===== Collected data
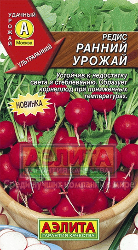 Ультраскороспелый сорт редиса (срок созревания корнеплодов 16 дней) для ранней выгонки в открытом и защищенном грунте. Корнеплоды округлой формы, выравненные, ярко-красные. Мякоть белая, нежная, очень сочная. Эфирные масла, придают деликатесный слабоострый вкус. Сорт высокоурожайный, устойчив к растрескиванию корнеплодов и стрелкованию. Редис повышает аппетит и улучшает пищеварение.
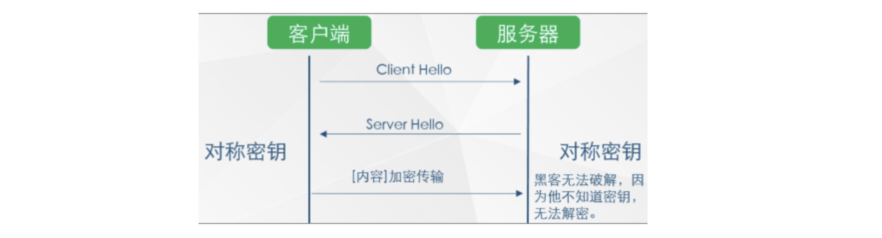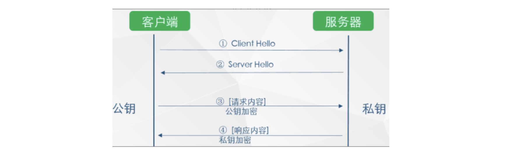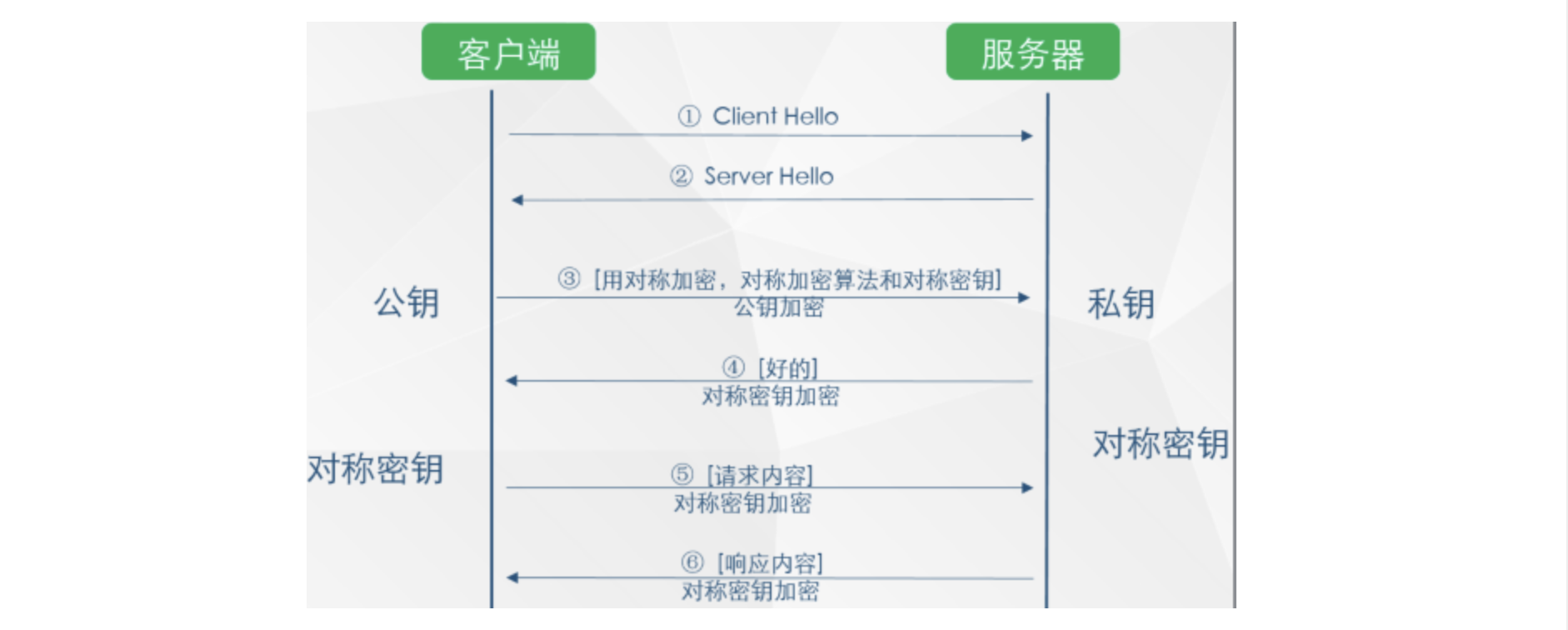 非对称加密,客户端用公钥加密,将对称加密算法和对称密钥传输给了服务器 - 服务器收到信息后,用
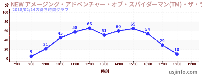 • NEW アメージング・アドベンチャー・オブ・スパイダーマン(TM)・ザ・ライド 4K3D$B$N(B2018年02月14日の待ち時間
==========
(Problem statement):
Without the pictures, give every line of the data again, exactly as written.

(Written response):
 Ультраскороспелый сорт редиса (срок созревания корнеплодов 16 дней) для ранней выгонки в открытом и защищенном грунте. Корнеплоды округлой формы, выравненные, ярко-красные. Мякоть белая, нежная, очень сочная. Эфирные масла, придают деликатесный слабоострый вкус. Сорт высокоурожайный, устойчив к растрескиванию корнеплодов и стрелкованию. Редис повышает аппетит и улучшает пищеварение.
 非对称加密,客户端用公钥加密,将对称加密算法和对称密钥传输给了服务器 - 服务器收到信息后,用
 • NEW アメージング・アドベンチャー・オブ・スパイダーマン(TM)・ザ・ライド 4K3D$B$N(B2018年02月14日の待ち時間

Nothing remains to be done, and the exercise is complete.